Халназар с трудом поднялся, — ноги не держали его тяжелую тушу. Шатаясь, как после тяжелой болезни, он направился к двери и вдруг, споткнувшись о порог, грохнулся, как бык, которого ударили по голове обухом топора.
Жалкий вид злополучного советника тронул Эзиза.
Когда тот поднялся, он приветливо обратился к нему:
— Послушай, бай-ага, не принимай близко к сердцу того, что случилось. В дальнем пути не следует оплакивать каждого павшего верблюда. Наша задача — довести до цели весь караван. Я слышал, что Иван Чернышов выступил в совете с требованием отобрать у торговцев и баев все запасы зерна и муки, но Куллыхан возражает против этого. Пока они там спорят, мы уже опередили их. Городская пекарня в наших руках. Вместе с теми складами, к которым я сегодня поставил свой караул, это будет огромное хозяйство. Управлять этим хозяйством я поставлю тебя. Думаю, что тебя не надо учить: ты первый с избытком вернешь все отнятое у тебя добро. Со временем все, взятое у богатых людей, будет возвращено мною, но сегодня богатый должен поделиться с неимущим, иначе мы не успокоим народ и не сможем повести его за собой. Я помню, на заседании дивана ты сам говорил, что не надо ссорить дейхан с баями. Ты прав, но для этого надо временно уступить народу. Хорошо ли ты меня понял? Если так, то не ставь в вину то, что случилось с тобой.
— Понял, Эзиз-хан, понял! Спасибо!..
Халназар вышел от Эзиза повеселевшим. В этот день Артык больше не встречался с ним. А позже Халназар старался держаться так, словно между ними никогда ничего не было.
Глава шестнадцатая
Многочисленные враги молодой советской власти использовали каждое затруднение на ее пути. Они искали друг друга внутри страны, чтобы объединиться и нанести смертельный удар новому строю. Они спешили стать на службу к внешним врагам, чтобы по их указке срывать все мероприятия Советов, направленные к облегчению тяжелого положения рабочих и беднейших крестьян. Они открывали новые фронты, наносили удары в спину исподтишка, пытались задушить народную революцию голодом и террором. Особенно широко и активно они развертывали свою деятельность на окраинах.

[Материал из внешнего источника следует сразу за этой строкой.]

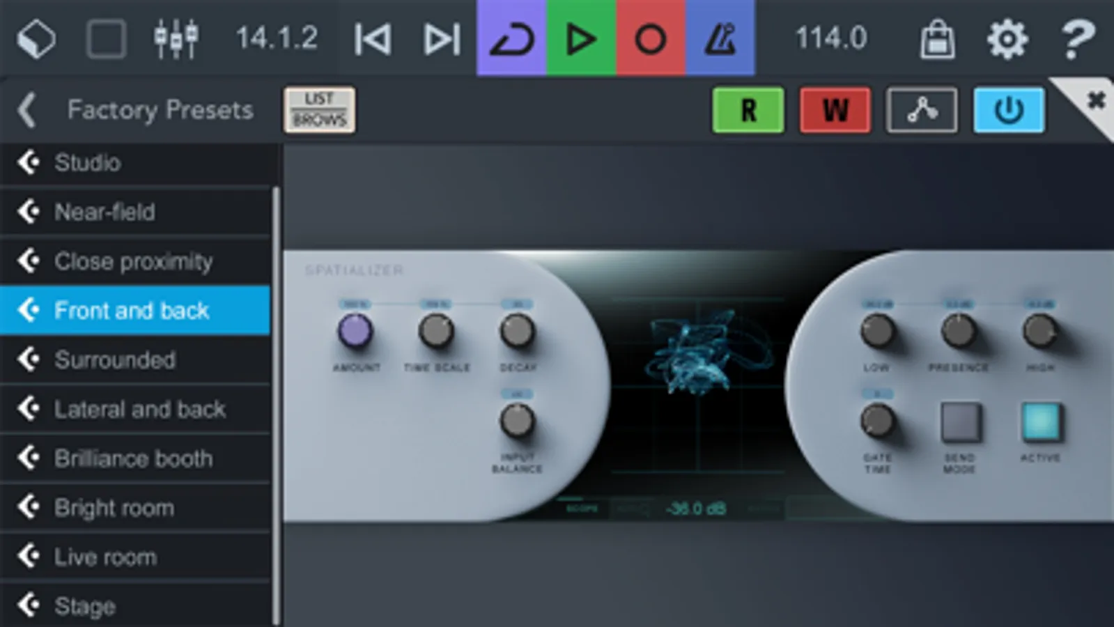 Due to its ability to provide subtle and focused responses, as well as good spectral density characteristics, Spatializer is also suited to be included in master bus effects chains.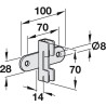 Vægholder til montage af søjle med huller i 2 rækker. Dette beslag anvendes til at montere søjlen til væggen.

Декабрь месяц тысяча девятьсот семнадцатого года ознаменовался в Средней Азии новым событием, взволновавшим всех мусульман: в городе Коканде был назначен национальный съезд представителей туркестанских народов, исповедовавших ислам. Съезд этот был организован баями, фабрикантами, оптовиками хлебной и хлопковой торговли, скупщиками скота и каракуля. Характер съезда и его откровенное устремление за советские рубежи были совершенно ясны, но даже не все его устроители знали, чья рука из-за рубежа направляла все дело, завязывала-узлы, плела путы заговора против молодой Республики Советов.
Специальным поездом из Ашхабада выехали на Кокандский съезд и представители туркменской буржуазии. Салон-вагон в середине поезда был украшен снаружи текинскими коврами. Когда поезд остановился в Теджене, из этого вагона вышел худощавый человек среднего роста в хорошо сшитом шелковом красном халате и белой папахе из тончайшей шленки. Из-под папахи выбивалась густая прядь слегка поседевших волос. На плечах у него были золотые погоны, на поясном ремне висела в серебряных ножнах сабля. Это был офицер царской службы Нияз-бек, возглавлявший Ашхабадскую делегацию. Сопровождавшие поезд рослые нукеры, также одетые в красные халаты и белые папахи, звали его «баяром».
Нияз-бек, точно кого-то поджидая, огляделся по сторонам. Тем временем на перроне в сопровождении своих нукеров появился Эзиз-хан в светлом халате из верблюжьей шерсти. Завидев еще издали его рослую фигуру, Нияз-бек направился ему навстречу, дружески поздоровался и пригласил к себе в вагон. Заочно они уже были друзьями, а встретившись, понравились друг другу с первого взгляда.